• Prompt
Pictures excluded, please retype exactly the lines from the start of the data through the line that contains "Beard and mustache", both ends kept, and nothing beyond them.

------ Given information

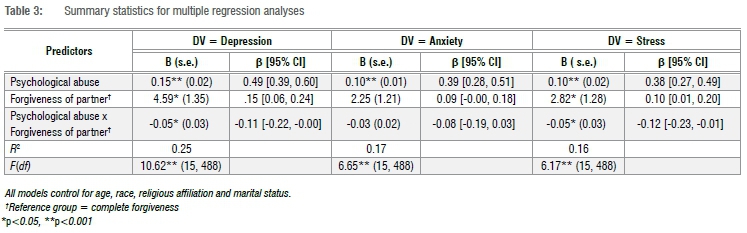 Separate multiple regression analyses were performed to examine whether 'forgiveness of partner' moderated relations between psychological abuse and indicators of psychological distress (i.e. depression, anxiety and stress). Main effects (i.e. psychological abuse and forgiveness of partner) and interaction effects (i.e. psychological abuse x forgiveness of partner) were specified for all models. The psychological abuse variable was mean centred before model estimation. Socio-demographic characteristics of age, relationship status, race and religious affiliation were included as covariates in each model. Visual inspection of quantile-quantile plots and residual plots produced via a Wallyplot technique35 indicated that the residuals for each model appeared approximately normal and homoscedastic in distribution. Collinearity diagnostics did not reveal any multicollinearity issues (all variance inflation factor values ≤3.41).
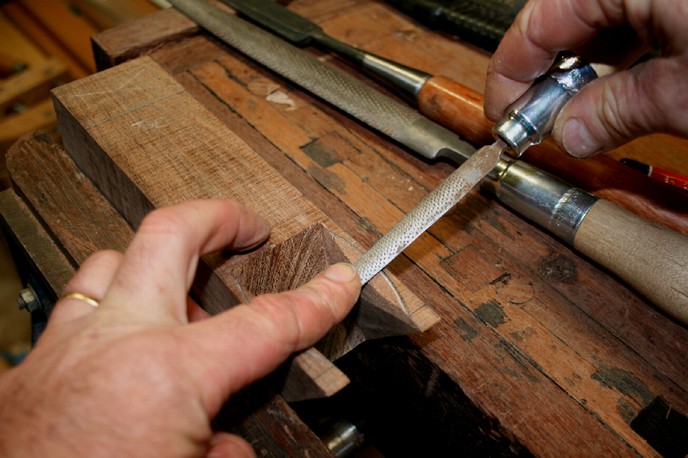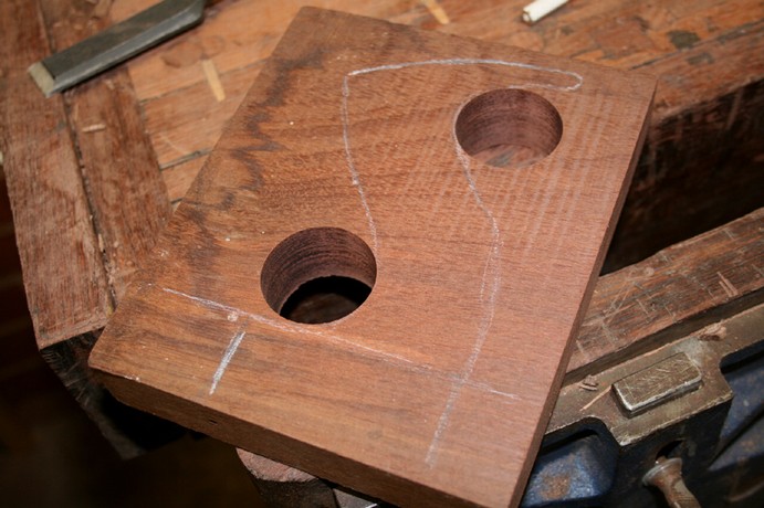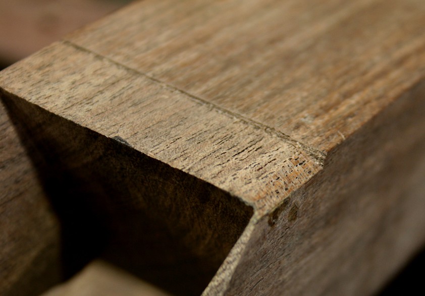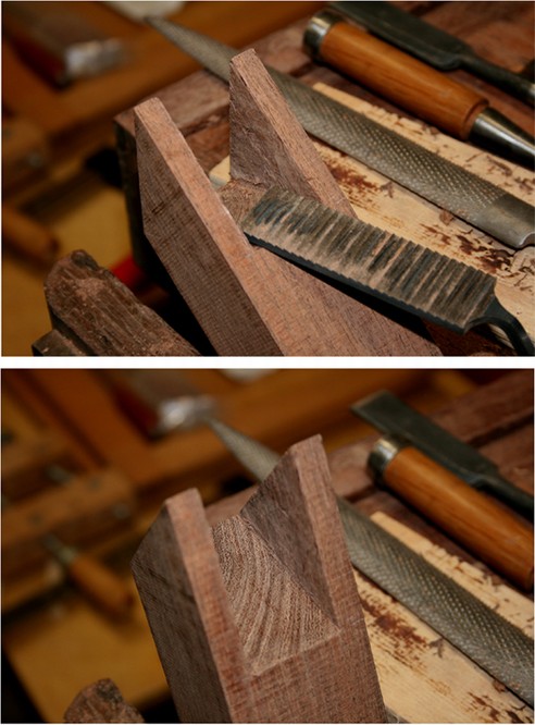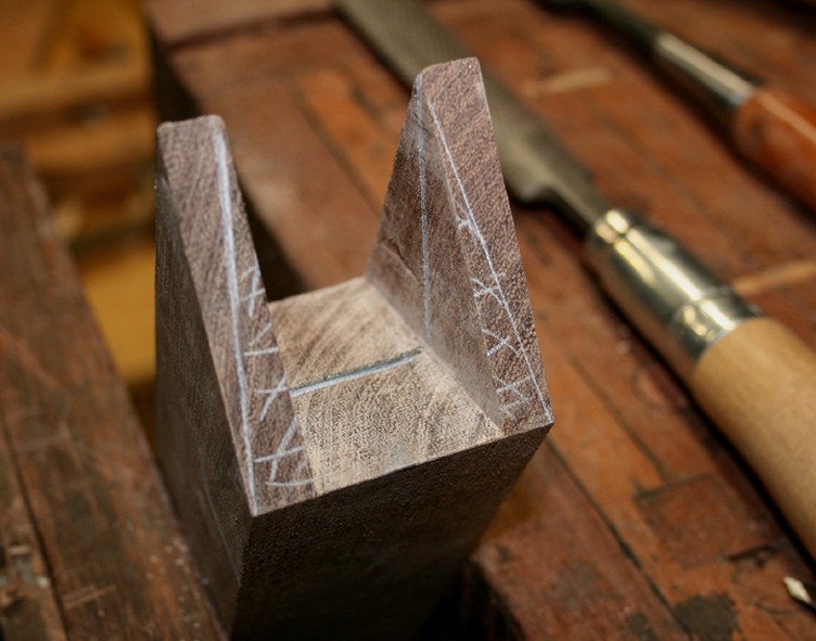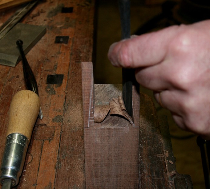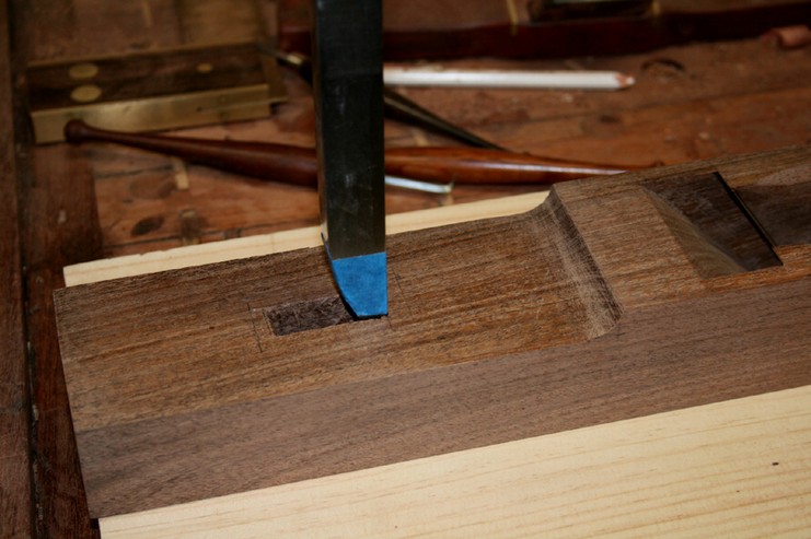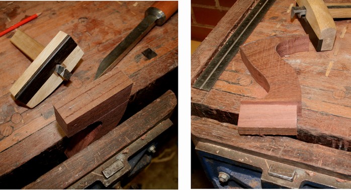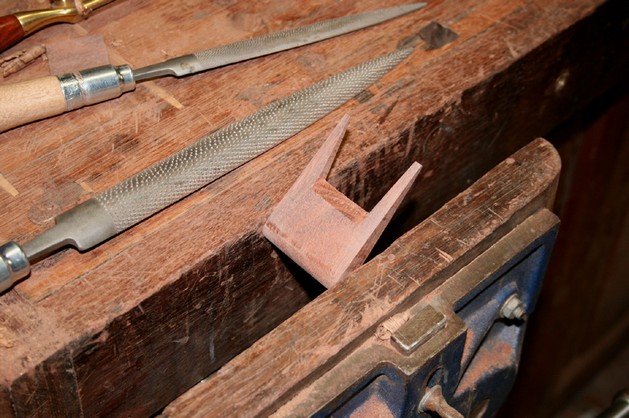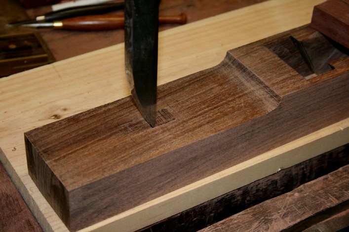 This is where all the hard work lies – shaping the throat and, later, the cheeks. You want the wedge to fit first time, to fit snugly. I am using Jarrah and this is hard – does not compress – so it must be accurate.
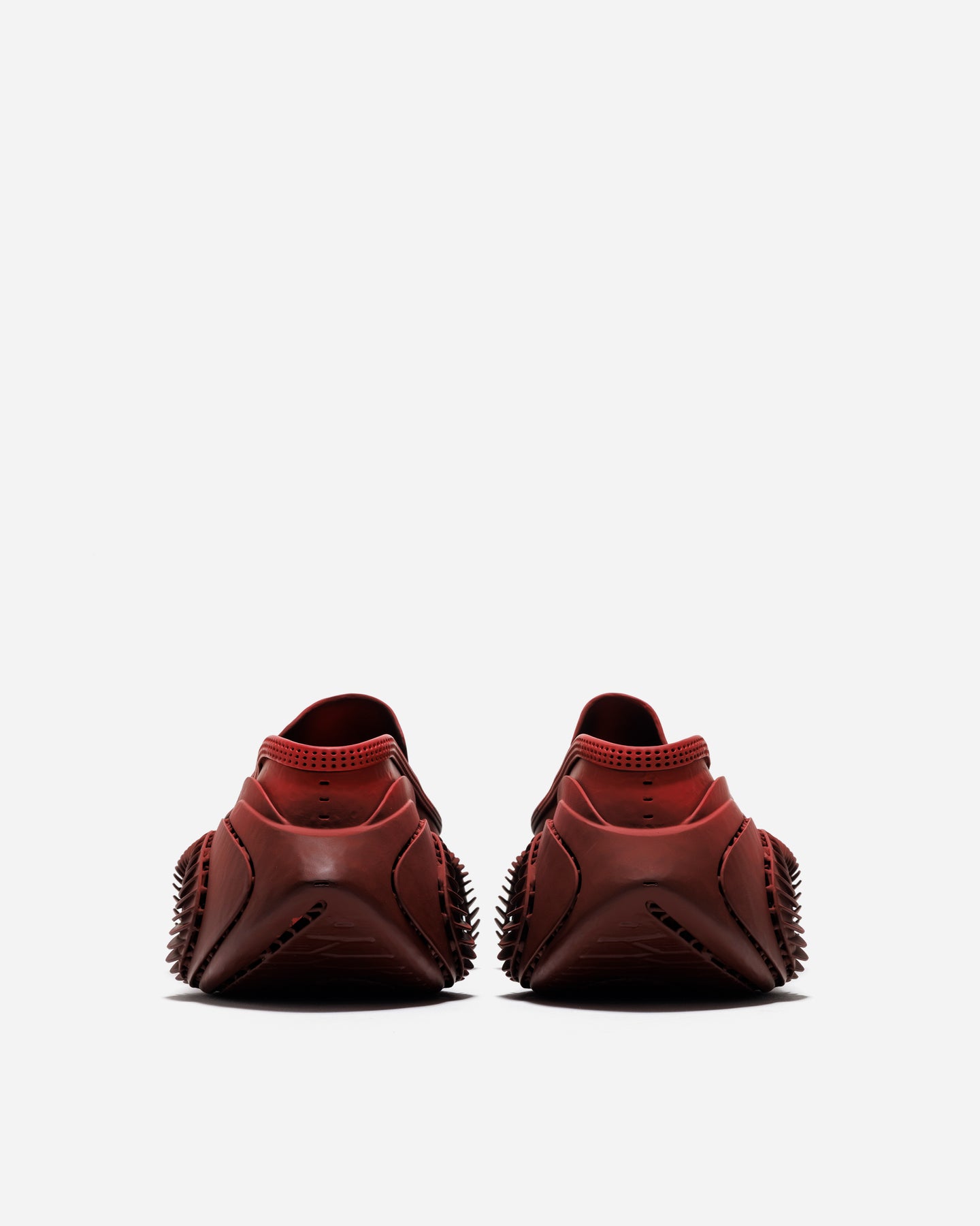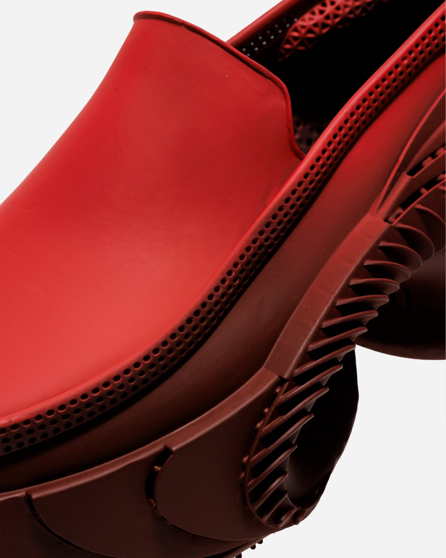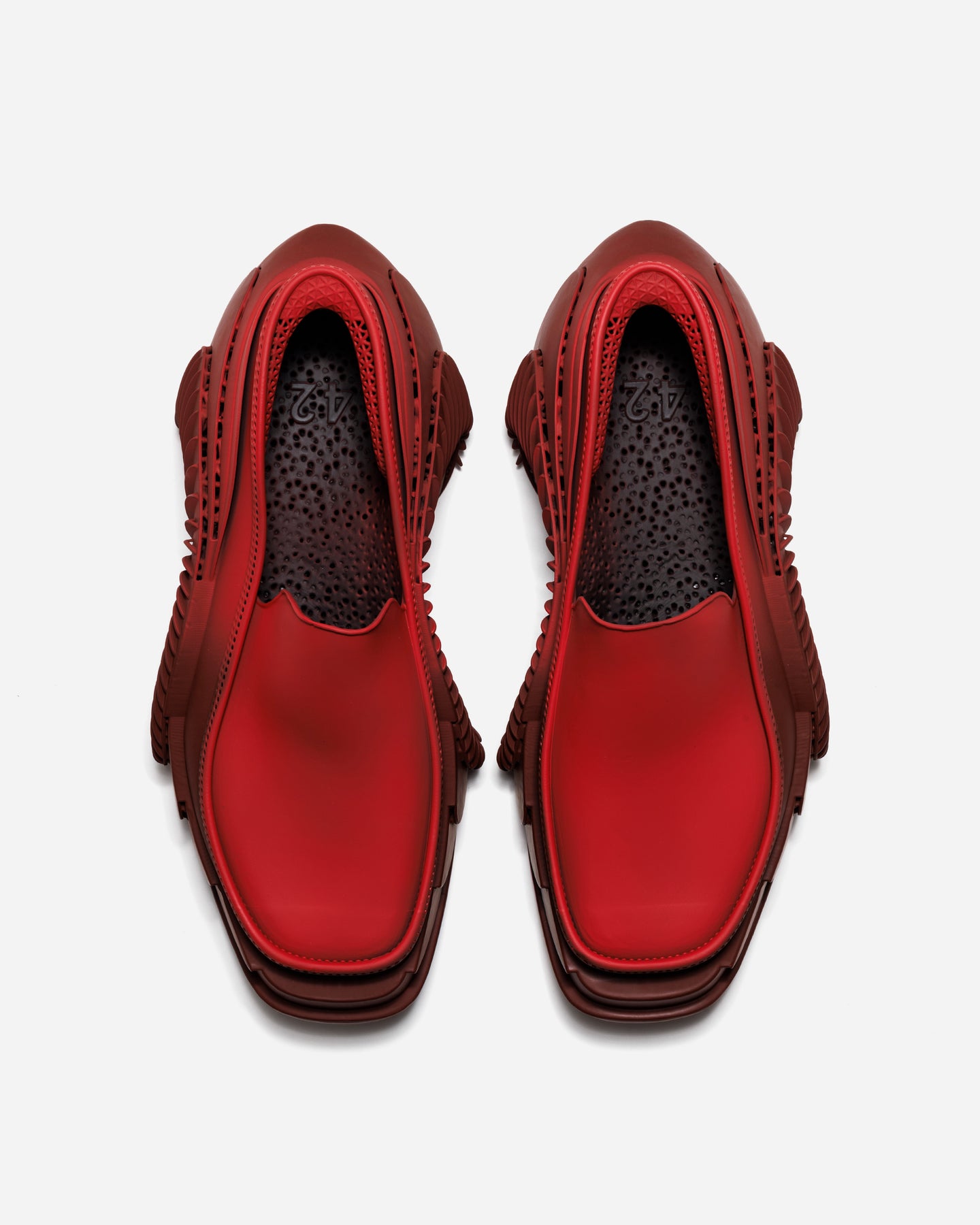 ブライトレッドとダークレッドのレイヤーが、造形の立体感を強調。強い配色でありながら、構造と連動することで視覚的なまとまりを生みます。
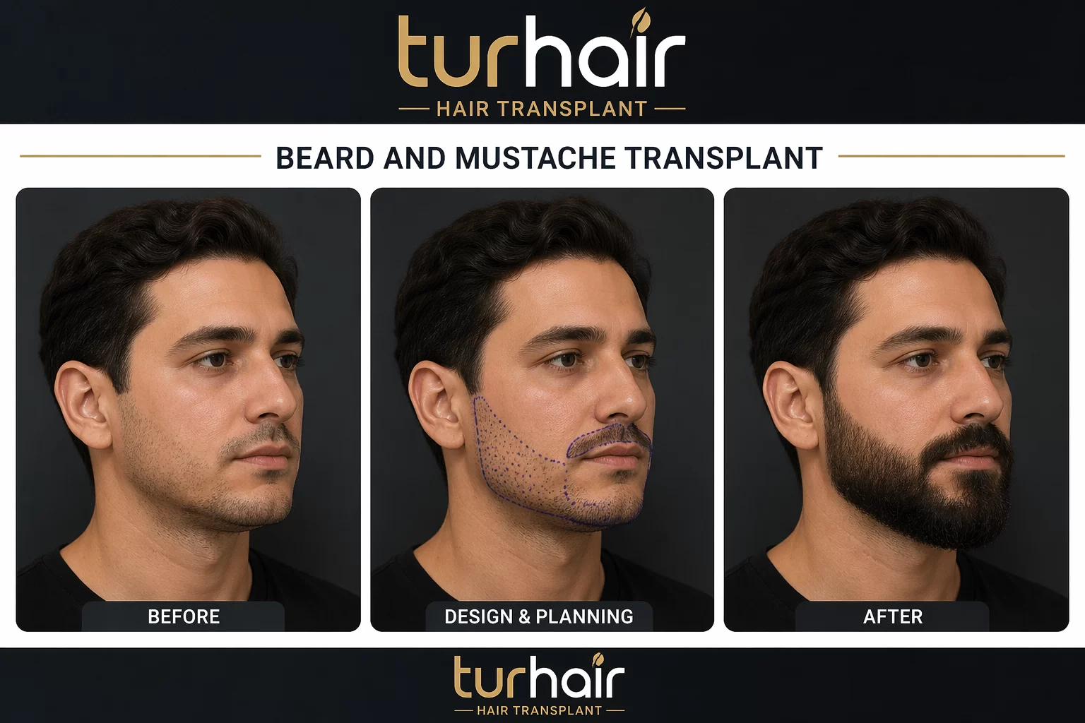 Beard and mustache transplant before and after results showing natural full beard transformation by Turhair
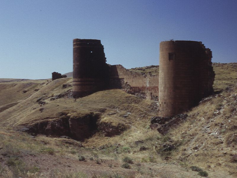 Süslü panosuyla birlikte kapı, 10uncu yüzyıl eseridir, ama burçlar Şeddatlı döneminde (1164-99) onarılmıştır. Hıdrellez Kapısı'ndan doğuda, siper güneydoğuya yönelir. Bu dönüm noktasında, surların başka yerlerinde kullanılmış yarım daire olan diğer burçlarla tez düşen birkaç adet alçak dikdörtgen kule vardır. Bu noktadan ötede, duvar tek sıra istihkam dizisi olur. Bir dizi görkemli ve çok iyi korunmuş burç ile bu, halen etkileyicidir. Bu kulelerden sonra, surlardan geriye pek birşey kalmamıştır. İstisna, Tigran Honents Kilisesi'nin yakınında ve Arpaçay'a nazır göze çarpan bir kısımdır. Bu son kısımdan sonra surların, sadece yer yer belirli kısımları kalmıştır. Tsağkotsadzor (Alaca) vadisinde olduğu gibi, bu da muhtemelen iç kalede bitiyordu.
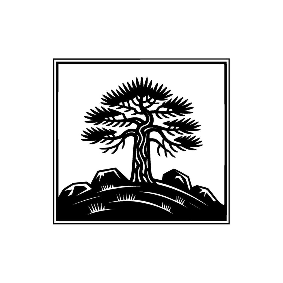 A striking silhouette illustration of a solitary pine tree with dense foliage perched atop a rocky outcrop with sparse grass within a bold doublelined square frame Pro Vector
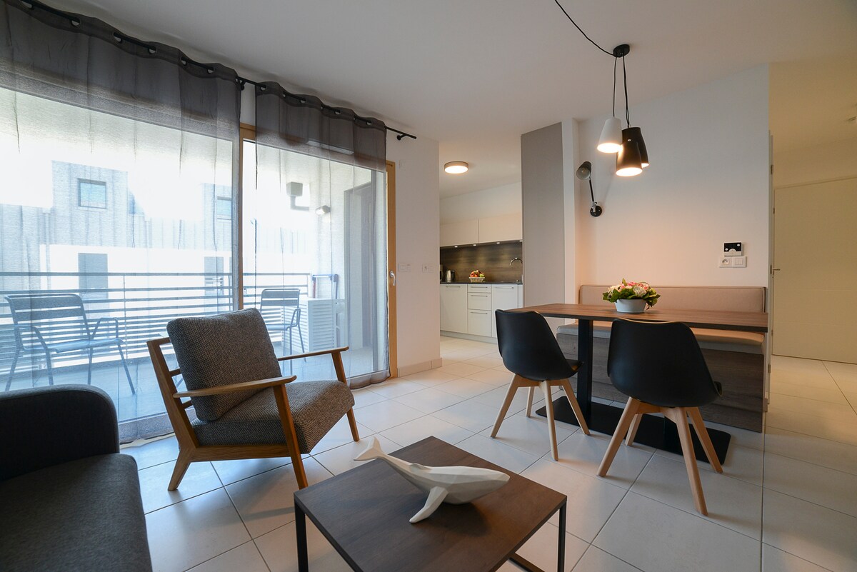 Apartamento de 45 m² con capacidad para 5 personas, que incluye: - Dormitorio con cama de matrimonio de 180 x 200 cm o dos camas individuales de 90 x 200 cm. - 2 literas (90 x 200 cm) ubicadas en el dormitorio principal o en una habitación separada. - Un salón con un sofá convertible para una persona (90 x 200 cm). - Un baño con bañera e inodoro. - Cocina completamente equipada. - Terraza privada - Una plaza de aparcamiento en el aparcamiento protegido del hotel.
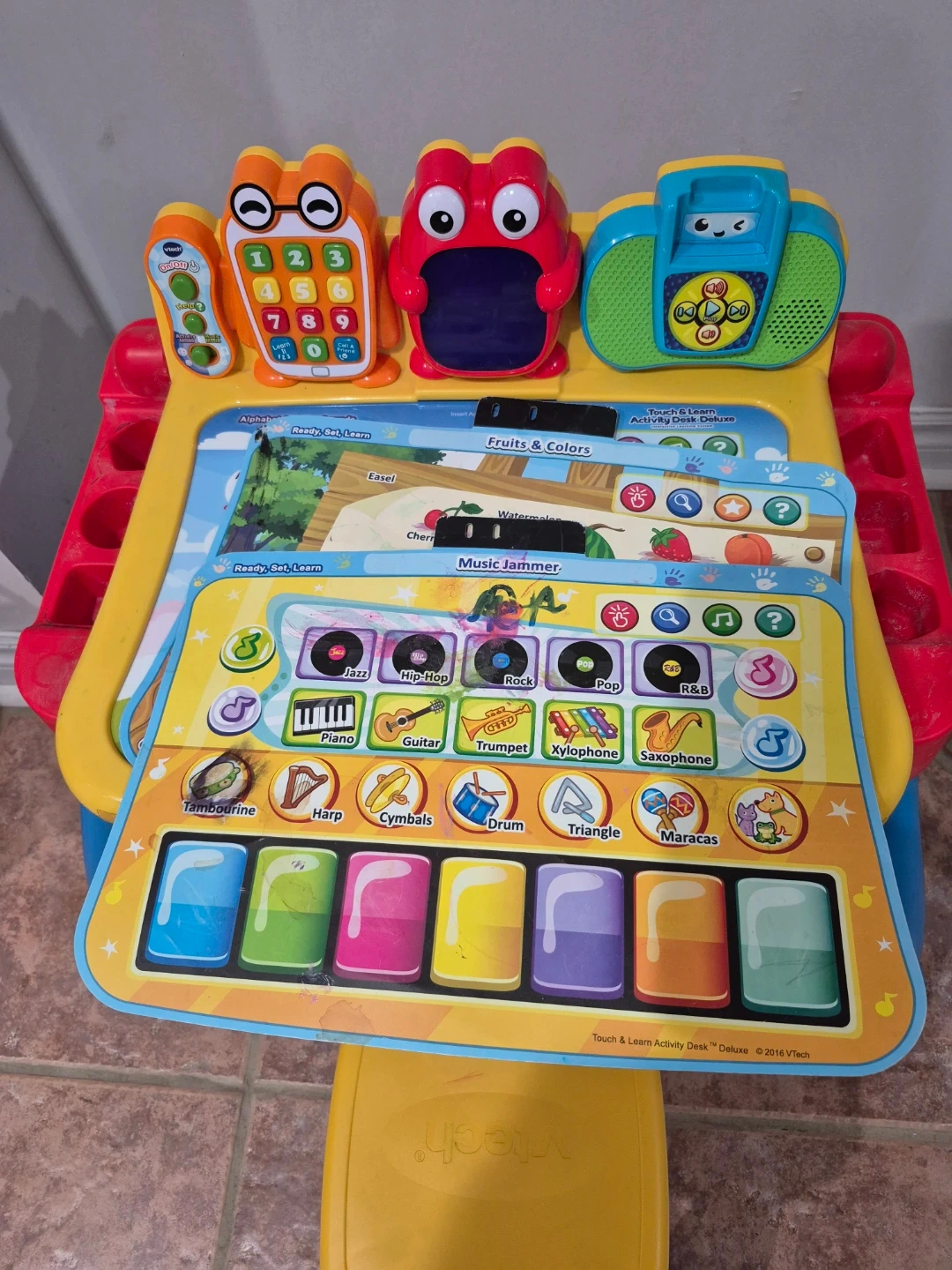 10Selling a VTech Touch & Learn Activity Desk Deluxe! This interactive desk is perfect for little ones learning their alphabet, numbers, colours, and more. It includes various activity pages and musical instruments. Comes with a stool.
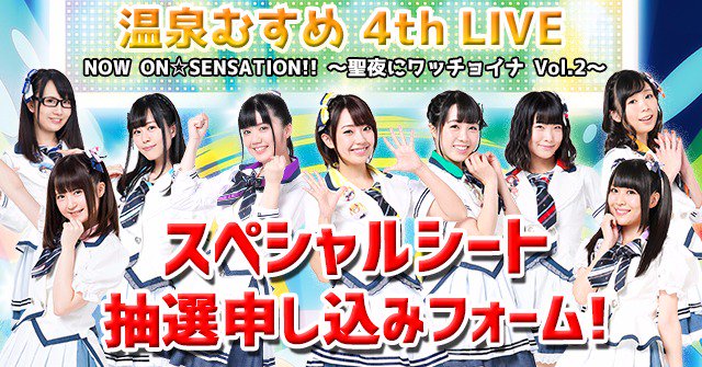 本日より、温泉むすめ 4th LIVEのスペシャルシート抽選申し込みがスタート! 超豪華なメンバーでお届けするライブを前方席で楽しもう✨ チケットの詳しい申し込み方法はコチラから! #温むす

------------

• Result of this exercise
 Separate multiple regression analyses were performed to examine whether 'forgiveness of partner' moderated relations between psychological abuse and indicators of psychological distress (i.e. depression, anxiety and stress). Main effects (i.e. psychological abuse and forgiveness of partner) and interaction effects (i.e. psychological abuse x forgiveness of partner) were specified for all models. The psychological abuse variable was mean centred before model estimation. Socio-demographic characteristics of age, relationship status, race and religious affiliation were included as covariates in each model. Visual inspection of quantile-quantile plots and residual plots produced via a Wallyplot technique35 indicated that the residuals for each model appeared approximately normal and homoscedastic in distribution. Collinearity diagnostics did not reveal any multicollinearity issues (all variance inflation factor values ≤3.41).
 This is where all the hard work lies – shaping the throat and, later, the cheeks. You want the wedge to fit first time, to fit snugly. I am using Jarrah and this is hard – does not compress – so it must be accurate.
 ブライトレッドとダークレッドのレイヤーが、造形の立体感を強調。強い配色でありながら、構造と連動することで視覚的なまとまりを生みます。
 Beard and mustache transplant before and after results showing natural full beard transformation by Turhair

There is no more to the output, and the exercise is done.